I declare an interest as chairman of the Bar Standards Board, which regulates barristers, but I must clarify that I am not speaking for the professional interests or the income of barristers but in support of a legal objective that the previous Government set up for the legal profession and its regulation in the Legal Services Act 2007, to which I will revert. The regulation that my board does is carried out entirely in the public interest.

Nevertheless, I support what the noble Lord, Lord Thomas, said not long ago, although I come to it from a different perspective. It is self-evident that there cannot be a bottomless fund for legal aid but the wrong impression has been given in the media in relation to the sums and how they are allocated. The large sums said to be spent on legal representation do not take into account the overheads of the self-employed or that the fees may represent several years work. Only a very small number of cases dealing with the most serious crimes—terrorism and the like—command large resources. Many young barristers practising publicly funded criminal law are earning around £25,000 a year or less. Not only will they abandon it, depriving the courts of good judges in future years, but the way in which the legal system is now being treated is putting an end to the goal of social mobility and diversity in the profession that the Government alleged was so important.

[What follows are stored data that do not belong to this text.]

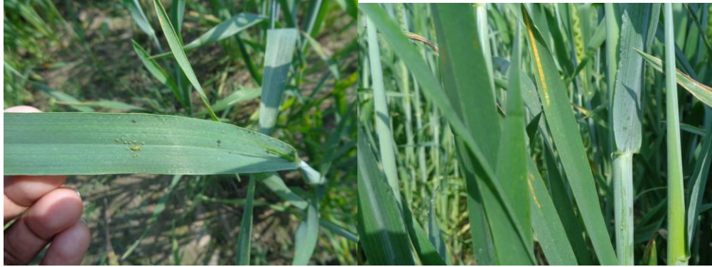
Aphids in wheat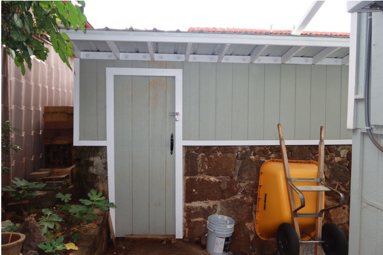
View of the former fernery from the east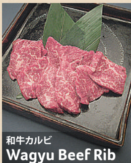
和牛カルビ Wagyu Beef Rib

*Cook lightly, then dip in lemon juice & chilli powder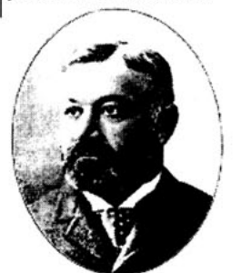
Richard Croker Tammany Hall Leader

Among Mayor Strong's most important appointments was naming Theodore Roosevelt as Police Commissioner. Former Assemblyman Roosevelt, who served as U.S. Civil Service commissioner in President Harrison's administration, promoted the merit system approach within the Police Department as Commissioner.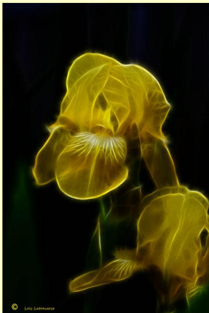
2010-11 Year-End Competition People's Choice – Print Yellow Iris Delicacy by Lois Latraverse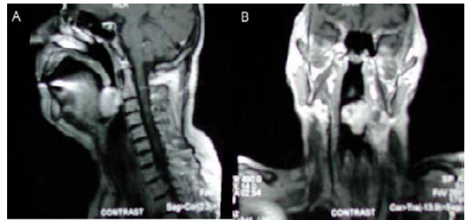
Figure 2 Figure 2a and 2b. Magnetic resonance images of head and neck showing the laryngeal mass

I would feel hypocritical going to visit schools, or encouraging other lawyers to go to schools, to encourage children from underprivileged backgrounds, where no one in the family has ever qualified as a lawyer, to take up criminal law or family law, which is also largely publicly funded. It is misleading to draw a picture of possibilities when not only will they incur debt at university but will find after qualification that there are no jobs open to them at the starting line of the criminal Bar, in the magistrates’ courts and so on, where formerly a newly qualified young barrister could expect to earn a modest amount.

In addition to the cuts in legal aid already brought in under the Legal Aid, Sentencing and Punishment of Offenders Act 2012, the Ministry of Justice is now consulting, as we have heard, on making savings of £220 million a year by 2018 by cutting prices. This it can do without the opportunity to debate the impact in this House. The ministry is proposing competition in the provision of criminal representation. Where no competition is proposed for now—that is, in Crown Court advocacy and very high-cost cases—a new fee framework is proposed that will encourage early pleas of guilty, for the longer a case lasts the less the daily fee will be. There must be a case to fear undue pressure to plead guilty caused by the new fee structure proposed. Solicitor representation fees in family cases will be reduced by 10%.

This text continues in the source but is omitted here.